WHAT YOU WILL DO:
In the listing that follows, give every line again exactly and omit the pictures.

COLLECTED MATERIAL:

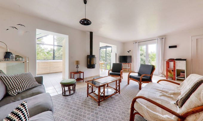 Welcome to this holiday home in Saint-Gildas-de-Rhuys, in the heart of the magnificent Rhuys peninsula, in southern Brittany! Ideally located just 900 metres from the village and the first beaches, the furnished house can comfortably accommodate 4 adults and 2 children. Perfect for families, it offers all the necessary comfort for a worry-free stay: fully equipped kitchen, quality bedding, large garden with outdoor furniture and barbecue to enjoy long summer evenings around grilled food. Between swimming, walks along the seaside, discovering Breton specialities and excursions to the islands of the Gulf of Morbihan, it is the ideal starting point for exploring the peninsula.**During the month of July, noise disturbances are possible as work is ongoing right next to the house. There will be no more in August.Enter through the entrance door and discover a large, warm living space. The kitchen, located in the house's extension and open to the garden, is fully equipped: refrigerator, freezer, oven, microwave, dishwasher, as well as all the necessary utensils for cooking. For your breakfasts, you will find a Nespresso pod coffee maker, a kettle, and a toaster. Share your meals around the dining table for 6 and extend the evening in the living room, comfortably seated on the sofas in front of the television.The night area consists of 3 bedrooms: on the ground floor, a bedroom with a double bed (140x190 cm), and upstairs, a master bedroom with a Queen Size bed (160x190 cm) and a children's bedroom with two single beds (90x190 cm).Two bathrooms are at your disposal: one on the ground floor with a shower and toilet, the other upstairs with a bathtub. An additional independent toilet is also located upstairs for added comfort.A playroom fitted out for children is located upstairs. You will find books, board games and toys for children.Finally, the garage allows you to store your bicycles and includes a washing machine, an iron and an ironing board.You have space in front of the accommodation to park safely.Ideally located for families and close to the sea, the rental is located at:- 800 m from Port aux Moines beach- 1 km from Poulgor beach- 950 m from Saint-Gildas-de-Rhuys centre- 1 km from "Le Casier" restaurant- 3 km from "Le Vert d'O" restaurant- 4 km from "L'Endroit" restaurant- 1 km from "SPAR" supermarket- 3 km from "Carrefour Express" supermarket- 4 km from Rohu Nautical Club- 5 km from Bluegreen Rhuys Kerver Golf Domain- 6 km from Sarzeau town- 9 km from "Pop corn Labyrinthe" theme park- 10 km from Suscinio Castle- 12 km from "Celt'Aventures" theme park- 20 km from Aquagolfe Aquatic Centre- 25 km from Bretagne Atlantique Hospital Centre - Vannes site- 25 km from Vannes train stationSaint-Gildas-de-Rhuys, a charming Breton commune nestled on the Rhuys peninsula, captivates with its fine sandy beaches like Goh Velin and its coastal paths offering superb panoramas. The Romanesque abbey and Port aux Moines bear witness to a rich historical heritage. Ideal for hiking, water sports or peaceful walks, it is also close to Arzon, Sarzeau and the Suscinio castle. From the peninsula's coastline, it is easy to reach by boat the islands of the Gulf of Morbihan, such as Île d'Arz or Île aux Moines. A perfect place to discover Brittany between nature and culture.This accommodation benefits from a concierge service with a team available throughout the stay for personalized services.This furnished property has Wi-Fi access.This location does not have access for people with reduced mobility.Animals are not allowed in this rental.The tourist tax is added to the rental amount and must be paid in advance of your stay.REF: Hoomy12407
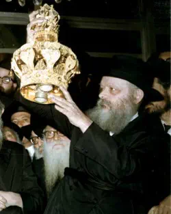 בתמונה: הרבי שם את הכתר של ספר תורה של משיח.
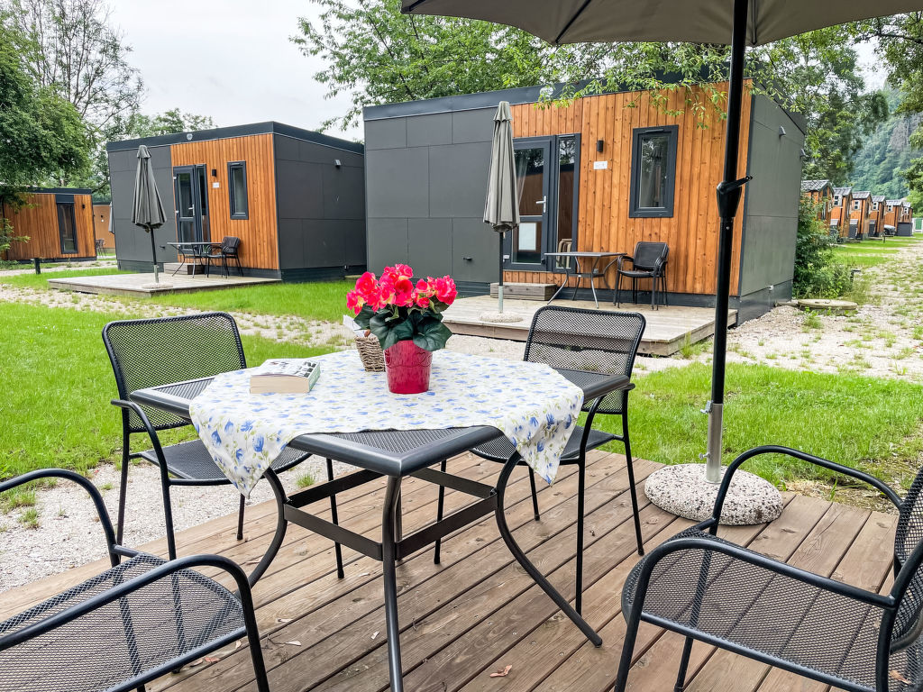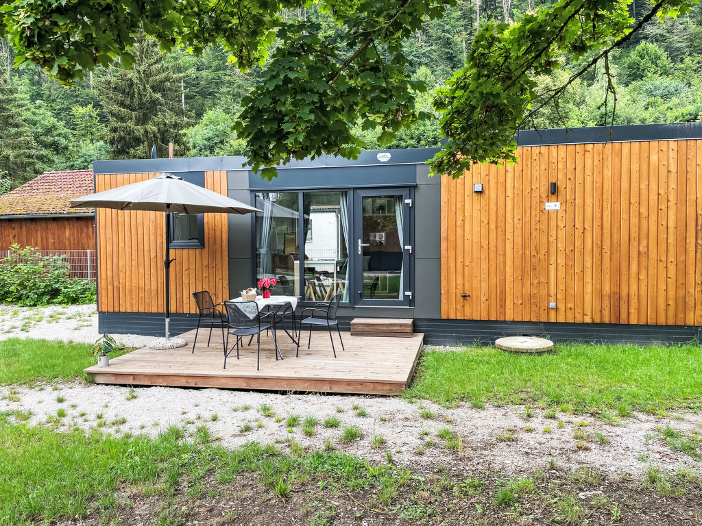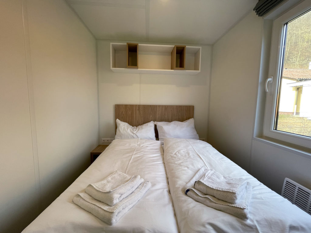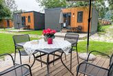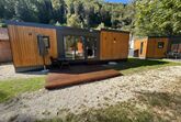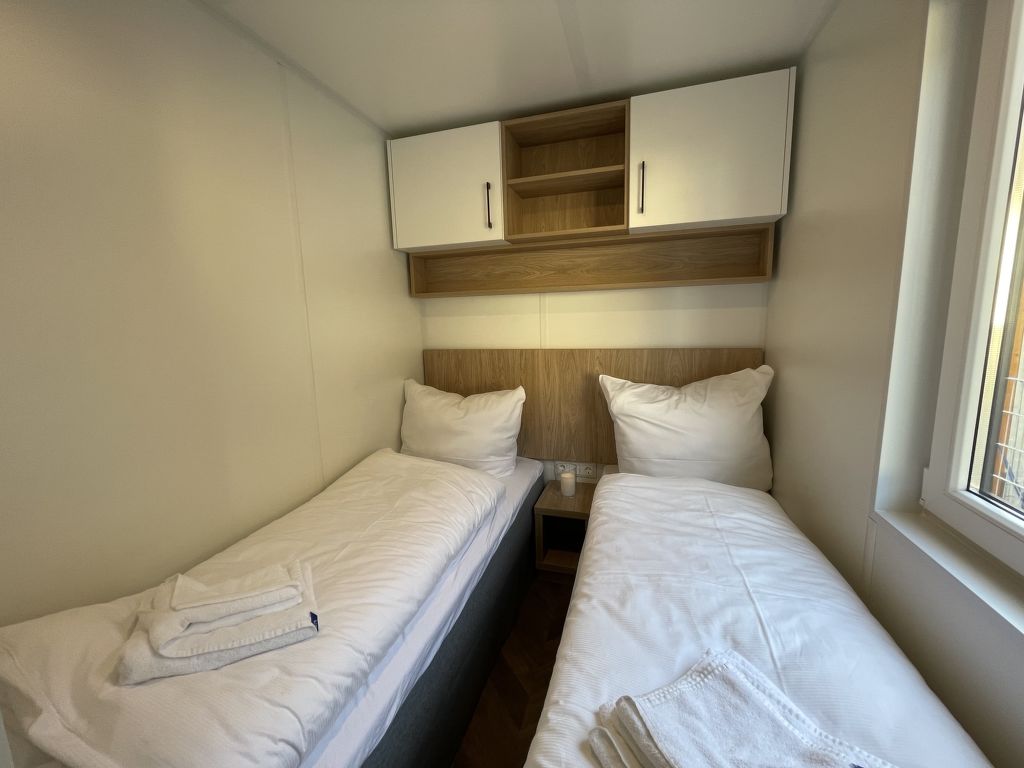 Tiny Haus Family-Home, 3-Zimmer-Mobilheim 32 m2. Gemütlich eingerichtet: Wohn-/Schlafzimmer mit 1 Diwanbett (120 cm, Länge 170 cm), Esstisch und Sat-TV (Flachbildschirm). Ausgang zur Terrasse. 1 Zimmer mit 1 franz. Bett (140 cm, Länge 200 cm). 1 Zimmer mit 2 Betten (80 cm, Länge 200 cm). Kochnische (4 Glaskeramikplatten, Wasserkocher, Tiefkühler, elektrische Kaffeemaschine). Dusche/WC. E-Heizung. Kleine Terrasse. Terrassenmöbel. Parkplatz (1 Auto) beim Haus. Bitte beachten: Nichtraucher-Haus. Maximal 1 Haustier/Hund erlaubt.

ANSWER BELOW:
 Welcome to this holiday home in Saint-Gildas-de-Rhuys, in the heart of the magnificent Rhuys peninsula, in southern Brittany! Ideally located just 900 metres from the village and the first beaches, the furnished house can comfortably accommodate 4 adults and 2 children. Perfect for families, it offers all the necessary comfort for a worry-free stay: fully equipped kitchen, quality bedding, large garden with outdoor furniture and barbecue to enjoy long summer evenings around grilled food. Between swimming, walks along the seaside, discovering Breton specialities and excursions to the islands of the Gulf of Morbihan, it is the ideal starting point for exploring the peninsula.**During the month of July, noise disturbances are possible as work is ongoing right next to the house. There will be no more in August.Enter through the entrance door and discover a large, warm living space. The kitchen, located in the house's extension and open to the garden, is fully equipped: refrigerator, freezer, oven, microwave, dishwasher, as well as all the necessary utensils for cooking. For your breakfasts, you will find a Nespresso pod coffee maker, a kettle, and a toaster. Share your meals around the dining table for 6 and extend the evening in the living room, comfortably seated on the sofas in front of the television.The night area consists of 3 bedrooms: on the ground floor, a bedroom with a double bed (140x190 cm), and upstairs, a master bedroom with a Queen Size bed (160x190 cm) and a children's bedroom with two single beds (90x190 cm).Two bathrooms are at your disposal: one on the ground floor with a shower and toilet, the other upstairs with a bathtub. An additional independent toilet is also located upstairs for added comfort.A playroom fitted out for children is located upstairs. You will find books, board games and toys for children.Finally, the garage allows you to store your bicycles and includes a washing machine, an iron and an ironing board.You have space in front of the accommodation to park safely.Ideally located for families and close to the sea, the rental is located at:- 800 m from Port aux Moines beach- 1 km from Poulgor beach- 950 m from Saint-Gildas-de-Rhuys centre- 1 km from "Le Casier" restaurant- 3 km from "Le Vert d'O" restaurant- 4 km from "L'Endroit" restaurant- 1 km from "SPAR" supermarket- 3 km from "Carrefour Express" supermarket- 4 km from Rohu Nautical Club- 5 km from Bluegreen Rhuys Kerver Golf Domain- 6 km from Sarzeau town- 9 km from "Pop corn Labyrinthe" theme park- 10 km from Suscinio Castle- 12 km from "Celt'Aventures" theme park- 20 km from Aquagolfe Aquatic Centre- 25 km from Bretagne Atlantique Hospital Centre - Vannes site- 25 km from Vannes train stationSaint-Gildas-de-Rhuys, a charming Breton commune nestled on the Rhuys peninsula, captivates with its fine sandy beaches like Goh Velin and its coastal paths offering superb panoramas. The Romanesque abbey and Port aux Moines bear witness to a rich historical heritage. Ideal for hiking, water sports or peaceful walks, it is also close to Arzon, Sarzeau and the Suscinio castle. From the peninsula's coastline, it is easy to reach by boat the islands of the Gulf of Morbihan, such as Île d'Arz or Île aux Moines. A perfect place to discover Brittany between nature and culture.This accommodation benefits from a concierge service with a team available throughout the stay for personalized services.This furnished property has Wi-Fi access.This location does not have access for people with reduced mobility.Animals are not allowed in this rental.The tourist tax is added to the rental amount and must be paid in advance of your stay.REF: Hoomy12407
 בתמונה: הרבי שם את הכתר של ספר תורה של משיח.
 Tiny Haus Family-Home, 3-Zimmer-Mobilheim 32 m2. Gemütlich eingerichtet: Wohn-/Schlafzimmer mit 1 Diwanbett (120 cm, Länge 170 cm), Esstisch und Sat-TV (Flachbildschirm). Ausgang zur Terrasse. 1 Zimmer mit 1 franz. Bett (140 cm, Länge 200 cm). 1 Zimmer mit 2 Betten (80 cm, Länge 200 cm). Kochnische (4 Glaskeramikplatten, Wasserkocher, Tiefkühler, elektrische Kaffeemaschine). Dusche/WC. E-Heizung. Kleine Terrasse. Terrassenmöbel. Parkplatz (1 Auto) beim Haus. Bitte beachten: Nichtraucher-Haus. Maximal 1 Haustier/Hund erlaubt.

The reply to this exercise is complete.